Download or read book The Wild Edge written by Jacqueline Windh and published by Harbour Publishing Company. This book was released on 2004 with total page 167 pages. Available in PDF, EPUB and Kindle. Book excerpt: "I hope that this book will give you some idea of the complexity and allure of the wild west coast--the savage beauty, its fascinating history, and the people who make their home here. . . . I want to show you the places that you don't make it to (this time!), and give you greater insight into the places that you do see. And I hope to inspire you to help protect them so that this ancient and venerable land and its traditional inhabitants will be here for all future generations." The Pacific Rim region of Vancouver Island--including the Clayoquot wilderness, Long Beach, Barkley Sound and the communities of Tofino, Ucluelet and Port Alberni--has become one of western Canada's prime tourist destinations, drawing over a million visitors a year.
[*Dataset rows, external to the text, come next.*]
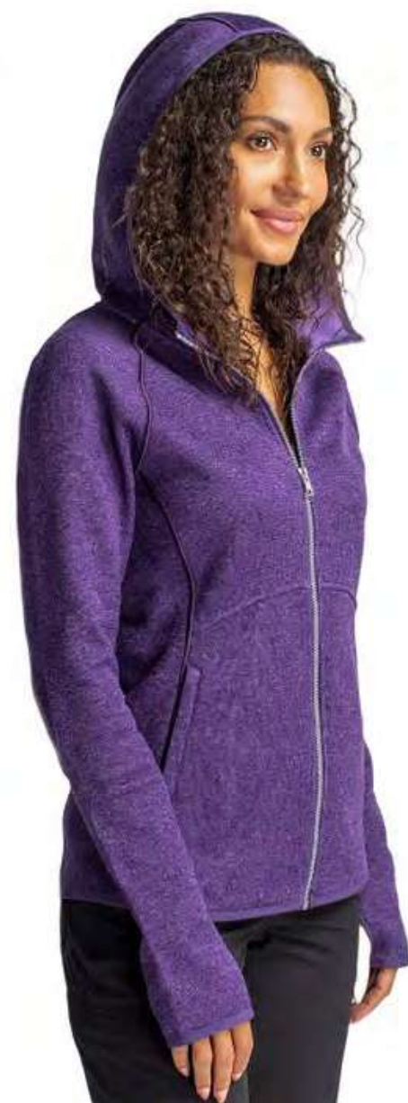
Mainsail Sweater-Knit Hoodie Women's Full Zip Jacket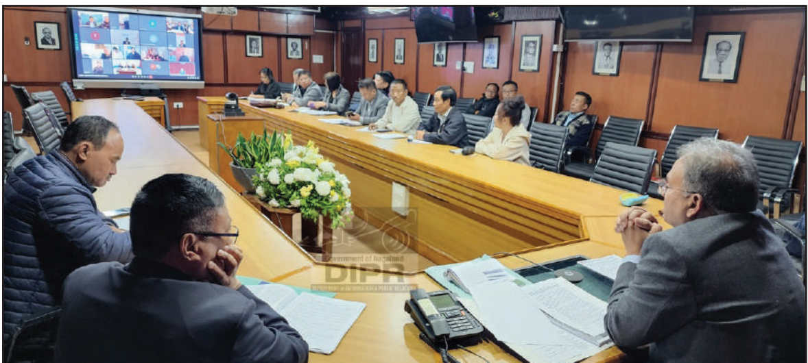
A review meeting of the implementation of the Chief Minister's Micro-Finance Initiative Scheme was held in the Conference Hall of the Chief Secretary on 8 th December 2022.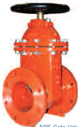
NRS Gate Valve

I would always try to repair or adjust first and replace only as a last resort. But before you get into that, we need to determine what type of gate valve you have. Inlet and outlet shut off valves for backflow assemblies come in two basic styles. A Non-Rising Stem gate valve (NRS) or an Outside Stem and Yoke gate valve (OS&Y). An NRS gate valve uses a stem that is internally sealed which simply means that the stem stays in the same vertical position whether the gate valve is opened or closed.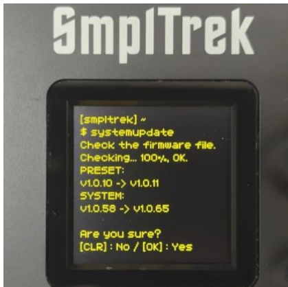
The screen display varies by the version.

*Never turn off the power while updating.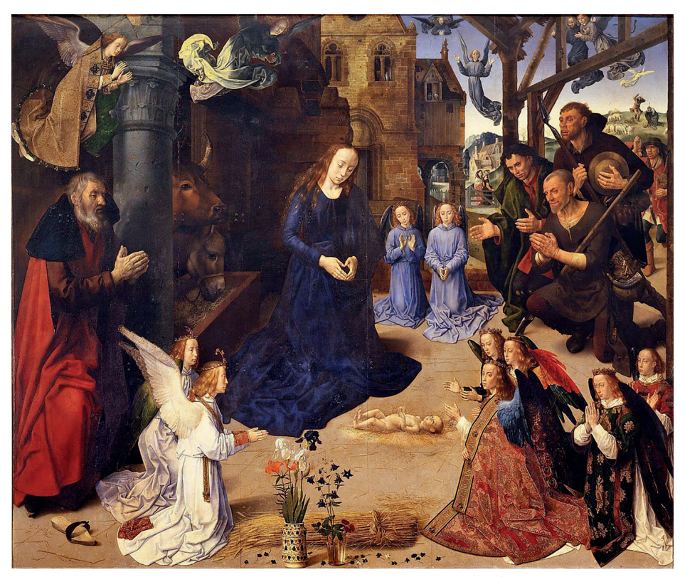
Figure 10. Hugo van der Goes - Portinari triptych (1475) - Uffizzi, Florence

It is not only the actual mobility of artists that causes cultural mobility, the movements of works, images and ideas certainly contributes to the dynamic character of cultural identity as well. Paula Nuttall (2004), for instance, has convincingly shown, how during the quattrocento Italians came into contact with Netherlandish pictorial models – through drawings, model books, prints, and certain Netherlandish paintings that were displayed in Florence in accessible locations. She also subtly analyzed the modes of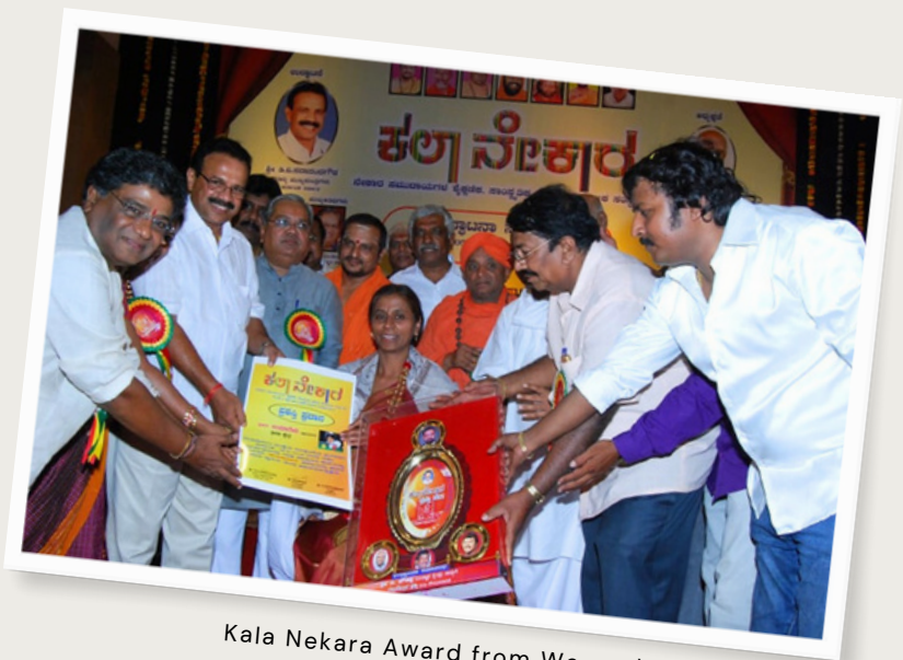
Kala Nekara Award from Weaver's Community

These awards not only celebrate her exceptional contribution to Indian sports but also serve as an inspiring example for young women, encouraging them to embrace cue sports as a viable pursuit.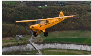
TRIPLE H EFFECT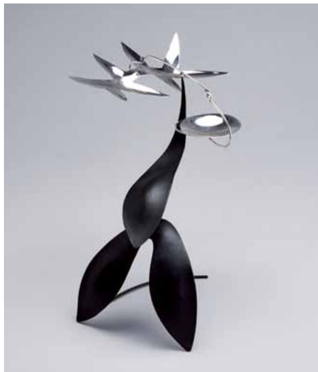
Fountain of Youth

Printed in the United States by Modern Postcard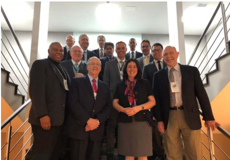
Participants of the SAD HM advisory and ARMin Global training in Brasilia.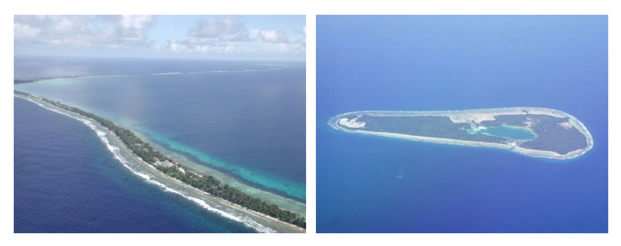
Figure 3. Aerial photos of Fogafale Islet, Funafuti Atoll (left) showing the open ocean on the left and the central lagoon on the right; and Vaitupu Atoll (right) with two small almost landlocked lagoons (far left and centre right).

Funafuti, the most highly populated atoll and capital, has 33 islets encircling a lagoon with a land area of about 275 km<sup>2</sup>. One-third of the total area of Fogafale has historically been unavailable to development until late 2015 due to the presence of the airstrip and the highly-degraded "borrow pits" from which soil, sand and aggregate were excavated to build the airstrip during World War II (Carter 1984; Smith 1995). In 2015-16 the barrow pits were reclaimed by infilling with marine sediments dredged from Funafuti's central lagoon.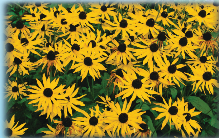
Black-eyed Susan Rudbeckia goldsturm

We aren't happy if you aren't happy. If you have any questions regarding your order please call us at 1-800-428-9726 during the hours of 8:30 am and 4:30 pm EST.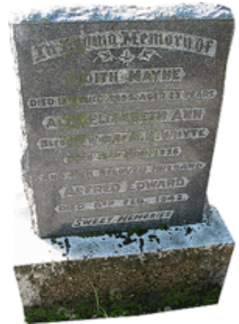
Block 12A Plot 2

Details from the epitaph such as an accident, a person's occupation or war involvement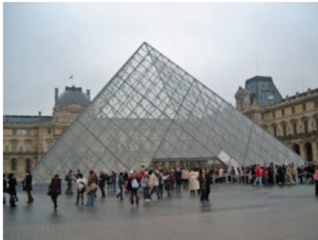
The glass pyramid at the Louvre. Nothing 'Illuminati' involved about that then eh? taken during early morning.

I then moved through to the Louvre glass pyramid and the museum.

Few are disappointed by what they find, but the region is so vast and rich in natural wonders many have difficulty deciding just how to spend their time and return home with the uncomfortable feeling of having missed some of the main attractions. This beautiful photographic study of the region will go far towards revealing its legendary charms both to actual visitors and armchair travellers. Jacqueline Windh has spent ten years photographing the Clayoquot-Pacific Rim in all its seasons and moods, studying its history and getting to know its people. In The Wild Edge she shares her findings in images and words, supplementing her unforgettable scenic photographs with a light-hearted but informative text that blends history and science with essential visitor guidance.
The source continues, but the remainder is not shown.